Monday, February 23, 2009
Caution: Walking And Cell Phones Don't Mix
You've probably seen them on the street: cell-phone chatting, music-loving pedestrians who sometimes act as if talking into a mouthpiece or slipping on a pair of headphones raises an impenetrable shield. But preoccupied pedestrians, especially those listening at high volume, risk more than hearing impairment. Their absorption can create a loss of "situation awareness" similar to that of distracted drivers. Inattention can have serious — even deadly — consequences on roads and railroad tracks.

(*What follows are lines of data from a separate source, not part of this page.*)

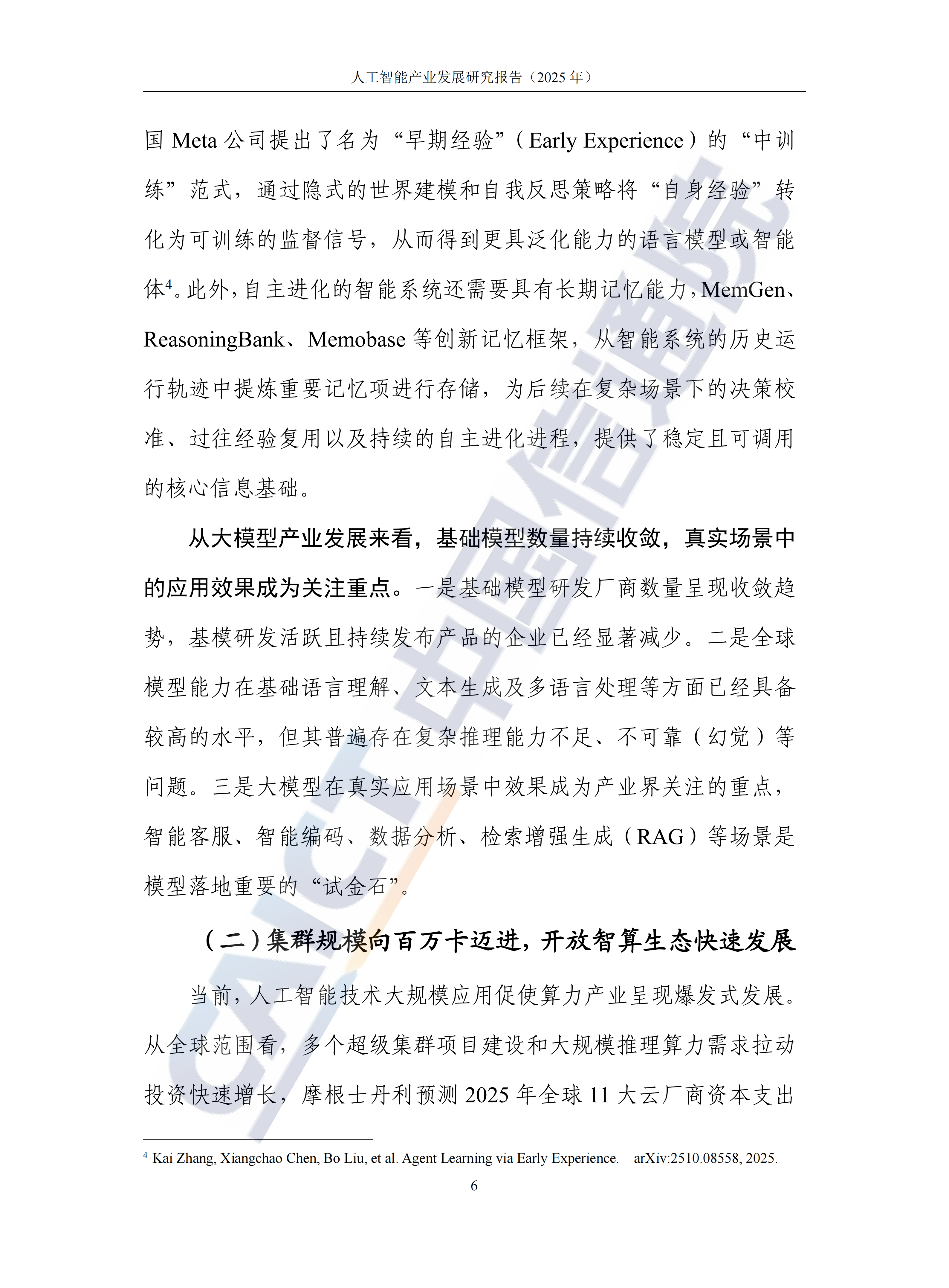 技术方面,基础超级模型在核心能力上实现全方位提升,强化学习推动模型在真实环境中持续进化,原生多模态架构逐渐走向成熟。高度封装的智能体产品加速模型从感知认知向自主决策执行演进。同时,智算基础设施进入“吉瓦级”竟争新阶段,开源开放的智算生态加速形成。数据工程从规模堆砌转向质量优先,为模型能力提供优质“燃料”。
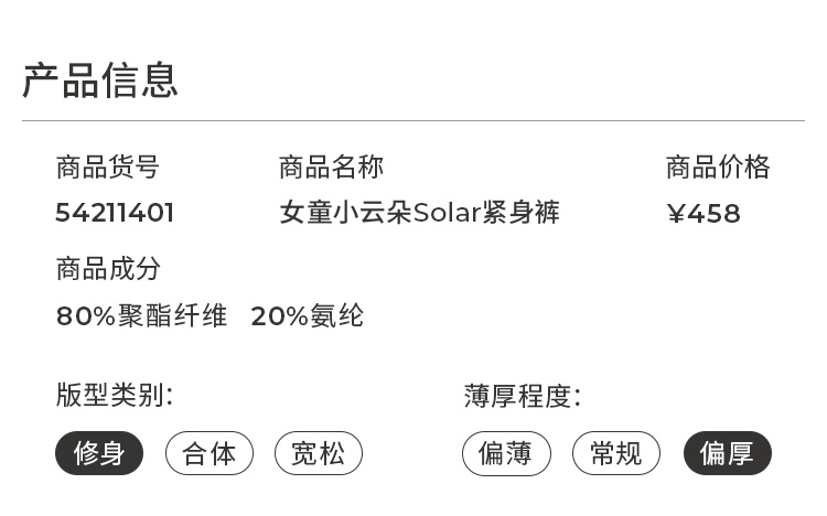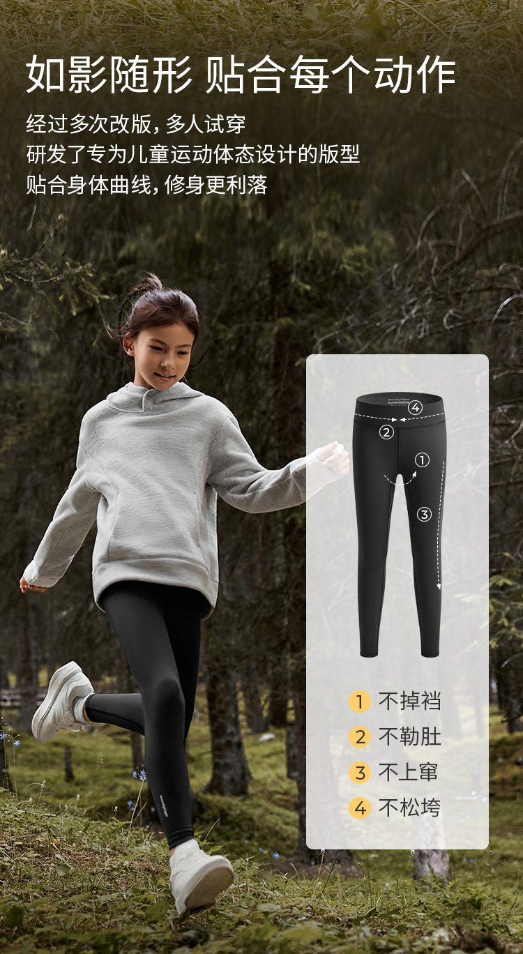 【大J专属】moodytiger女童小云朵Solar紧身裤运动户外暖阳绒保暖54211401
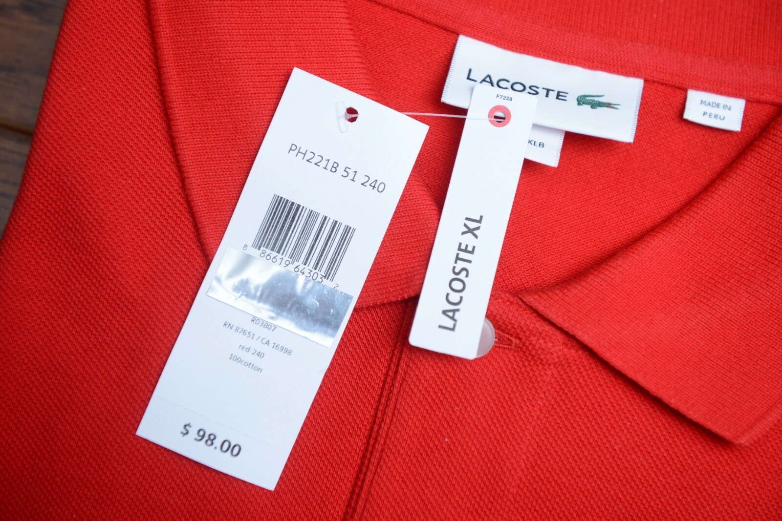 - Lacoste PH221B Men‘s Red Mesh Cotton Polo Shirt Big & Tall 1XLB EU 8R
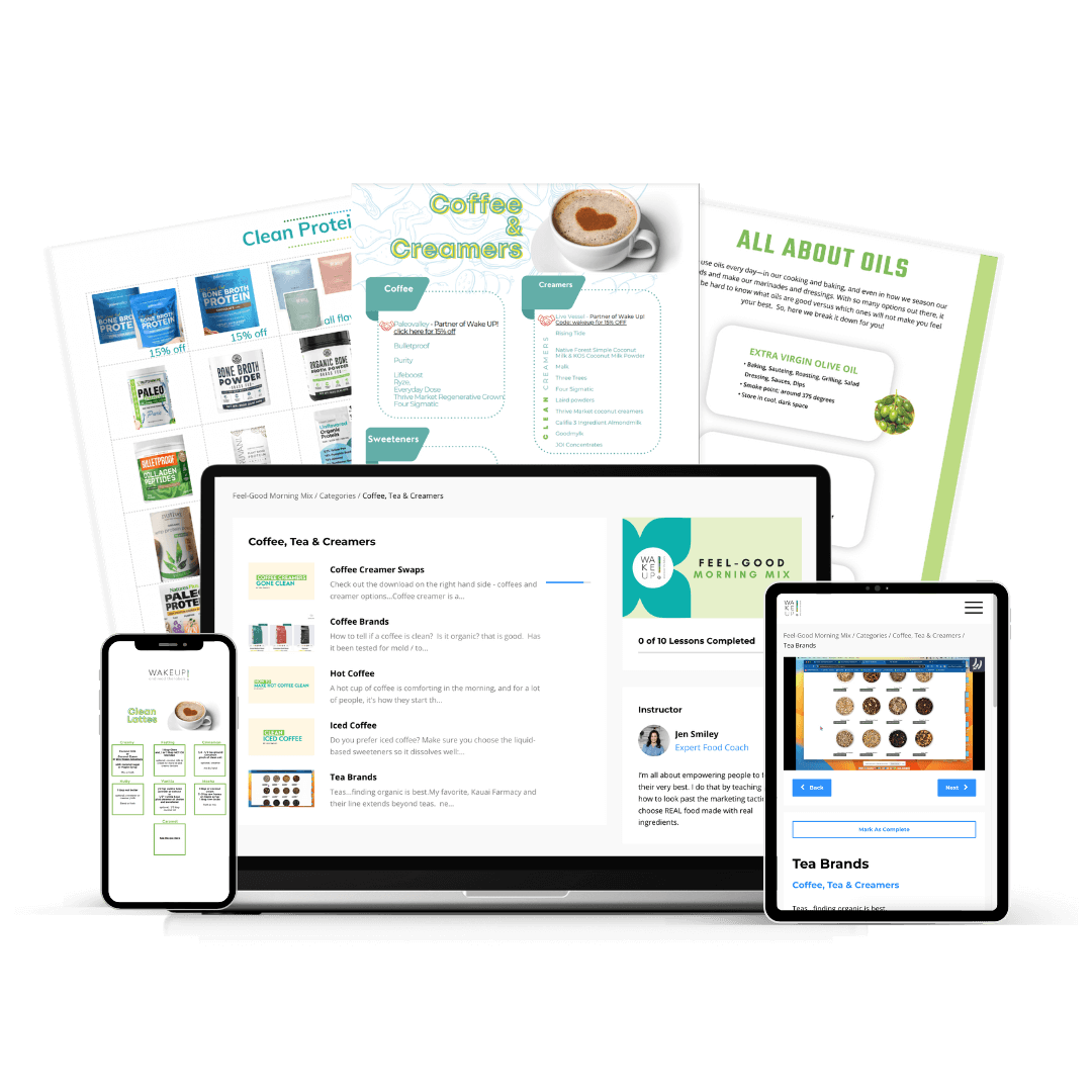 Get instant access to all of the clean coffees on the market. Creamers and clean sweeteners that won’t spike your blood sugar helping you lose weight and stay fuller longer. Learn how to make clean lattes with our recipes, plus videos and links for directing ordering. Guide to clean proteins (and vegan options) on the market plus discount links to save money.
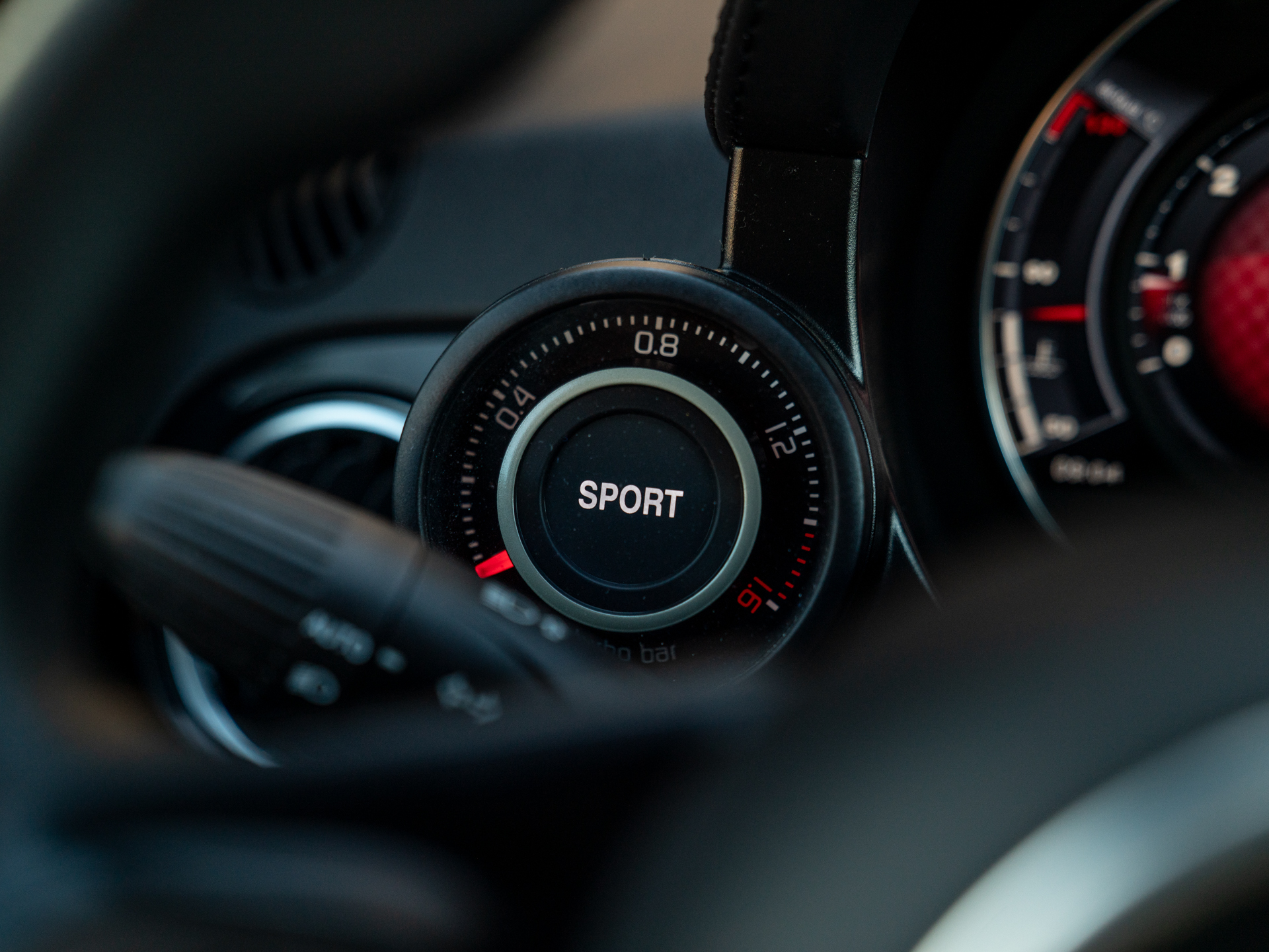 Van binnen vinden we fraaie half-lederen/alcantara zetels met Tricolore en type-aanduiding in de hoofdsteunen. De handbak in combinatie met de pittige 1.4-turbomotor zorgt gegarandeerd voor een glimlach op ieders gezicht.
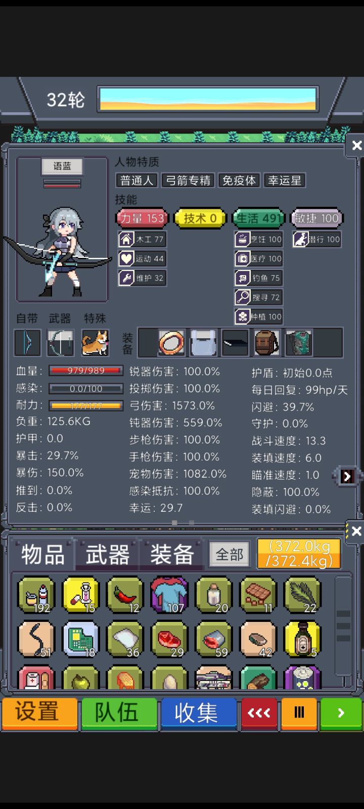 以后基本不用看图,没事看看人物状态,感染不高,有装备就行。
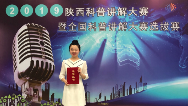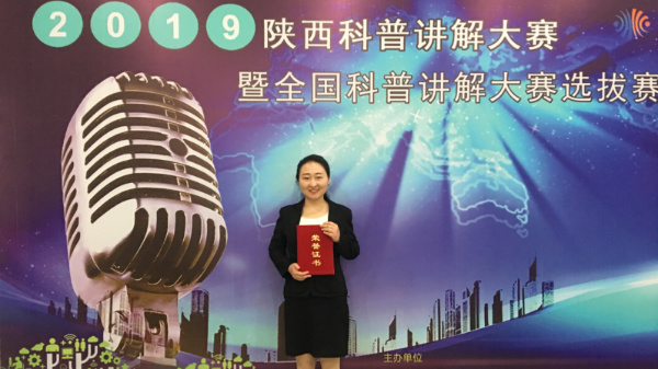4月18日上午,在2019年陜西科普講解大賽決賽暨全國科普講解大賽選拔賽上,我?;膶W(xué)院屈佳老師榮獲大賽優(yōu)秀獎,被授予“2019年陜西優(yōu)秀科普使者”榮譽稱號;健康管理學(xué)院李夢姣老師被授予“2019年陜西科普使者”榮譽稱號。

Lisa Carolyn Moran, 20, a University of North Carolina exchange student from Scotland, was listening to an iPod while jogging when she stepped into the path of a bus in Chapel Hill last May. Joshua Phillips White, 16, was wearing earphones and walking on a train track in Cramerton, N.C., last November when a freight train hit him from behind, killing him; police said he apparently didn't hear the locomotive approaching. Alan Eaton-Chandler, 17, was killed under the same circumstances just last Tuesday when he was hit by an Amtrak train in Comstock Township, Mich. And Vicky Baker, 39, was talking on her cell phone when she was struck and killed by a train in Albertville, Ala., in December.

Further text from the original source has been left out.